Exercise regularly: We’ve all heard it before and it seems like a no-brainer but exercise can be easier said than done. Sometimes it seems like weeks get away and it’s hard to find time sometimes but it’s good for your overall health and especially your bone health. Weight-bearing exercises like walking, jogging, and weightlifting can help build and maintain strong bones. Aim for at least 30 minutes of exercise most days of the week.

Don't smoke: Besides a myriad of other health concerns, smoking has been linked to a decrease in bone density, making bones weaker and more prone to fractures.

Limit alcohol consumption: Excessive alcohol consumption can interfere with the body's ability to absorb calcium, which can lead to weakened bones.

Get a bone density test: A bone density test can help determine if you have osteoporosis or low bone density. Women over age 65 and men over age 70 should get a bone density test, as well as younger people who have risk factors for the disease.
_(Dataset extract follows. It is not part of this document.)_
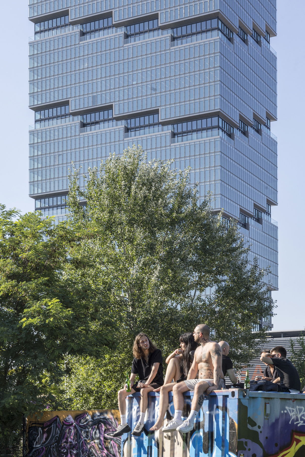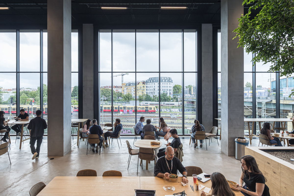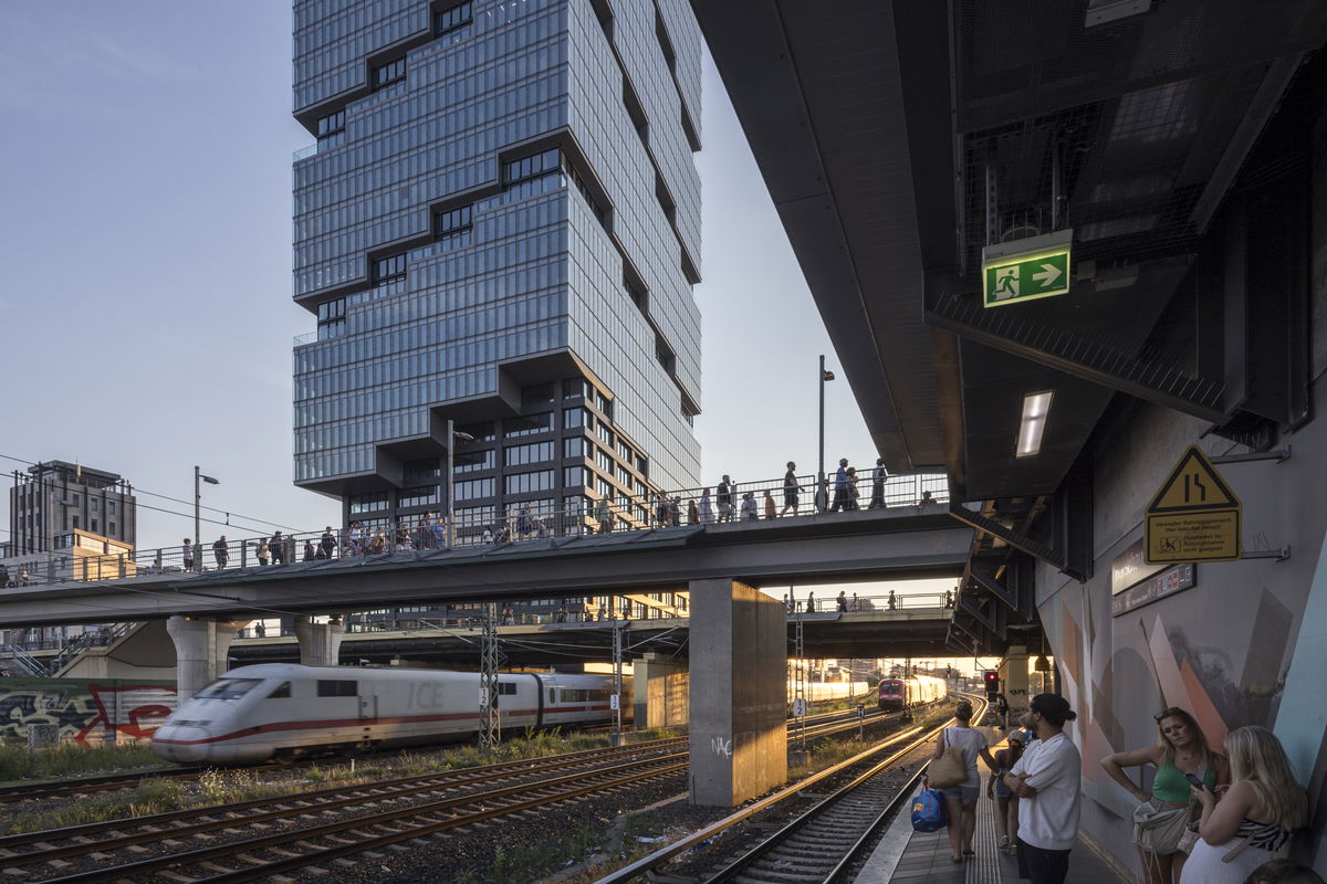 — EDGE East Side Berlin is integrated within the existing urban fabric in Friedrichshain-Kreuzberg, while inviting both the local community and tower occupants inside with publicly accessible amenities at the top and bottom of the building.

If you have already been diagnosed with osteoporosis, there are additional steps you can take to prevent fractures and maintain bone health. These may include taking medication to improve bone density, getting regular check-ups with your doctor, and making lifestyle changes to reduce your risk of falls.

By taking steps to improve bone health, we can prevent osteoporosis and maintain strong, healthy bones as we age. Talk to your doctor about what steps you can take to promote good bone health and reduce your risk of osteoporosis.